Yes doppler is only about waves but what happens on a particle level?
In dopplerredshift you measure low energy photons on one side and higher energy photons on the other side.
How can photons just change energy?

Drakkith
Staff Emeritus
How can photons just change energy?

The energy of anything is not invariant. Simply changing reference frames can result in a drastic decrease or increase in the energy of an object or wave. For example, a moving car on a highway has a lot of kinetic energy as viewed from a person standing on the side of the road, but has negligible kinetic energy viewed from another car moving alongside the first.

So then your question would become, "How can a car just change energy?" The answer to which is that part of the energy content of an object or wave is frame dependent. For massless particles like photons, all of its energy is frame dependent, whereas for objects with mass part of their energy content is locked up in their mass and thus forms a 'minimum' energy level that the object can never fall under.

Svenns, nasu and russ_watters
Mister T
Gold Member
In general, you need collections of large numbers of particles to exhibit wave properties.

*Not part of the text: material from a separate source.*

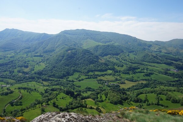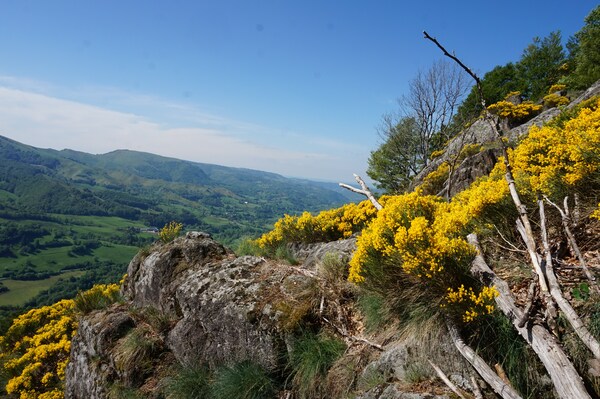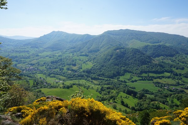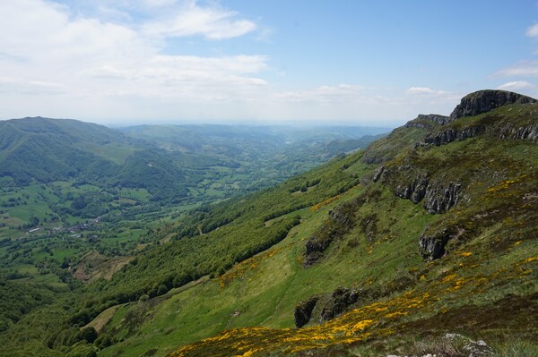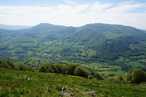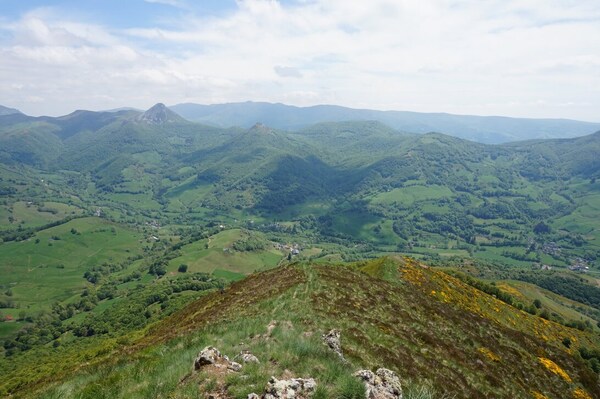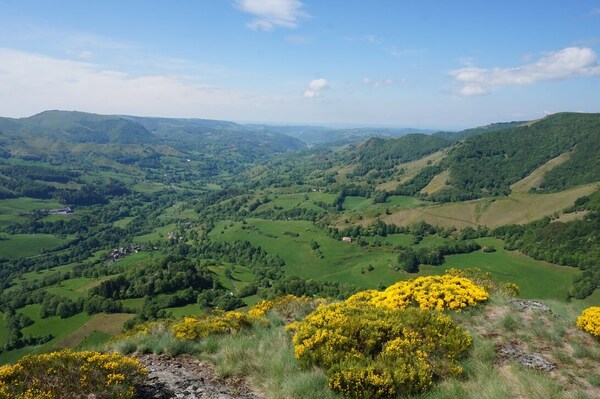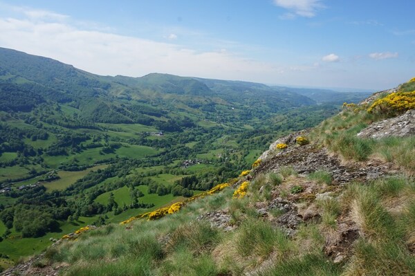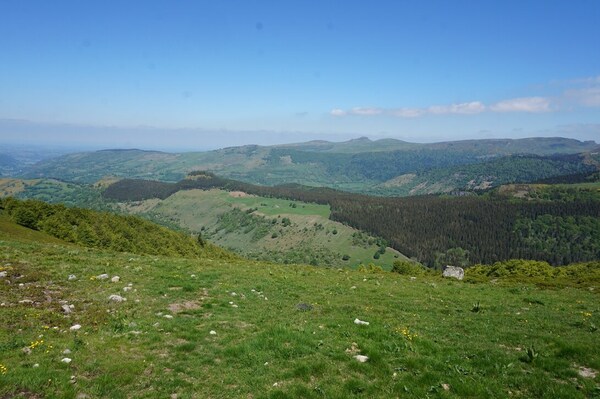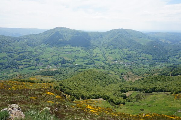 La vue vers le sud-ouest : la vallée de la Jordanne, avec au loin au

Yes doppler is only about waves but what happens on a particle level?
In dopplerredshift you measure low energy photons on one side and higher energy photons on the other side.
How can photons just change energy?

There is no change in any one photon's energy. Some are observed to have a high energy and some a low energy, but that difference is due to the observer's relative motion.

For example, a moving car on a highway has a lot of kinetic energy as viewed from a person standing on the side of the road, but has negligible kinetic energy viewed from another car moving alongside the first.
I don't think that' a valid explanation. You view your own speed due the direct environment (concrete, grass, trees….) the observable speed of the other cars is based on the difference with your speed.
I'm not asking how a car changes energy.
There is no change in any one photon's energy. Some are observed to have a high energy and some a low energy, but that difference is due to the observer's relative motion.
The light emitted from a star is white. Yet we observe blue light on one side and red light on the other. How can photons change energy without inelastic scattering.
Why do you think cosmological redshift is due to the doppler effect? There is a big difference between sound waves and electromagnetic waves.

Drakkith
Staff Emeritus
I don't think that' a valid explanation. You view your own speed due the direct environment (concrete, grass, trees….) the observable speed of the other cars is based on the difference with your speed.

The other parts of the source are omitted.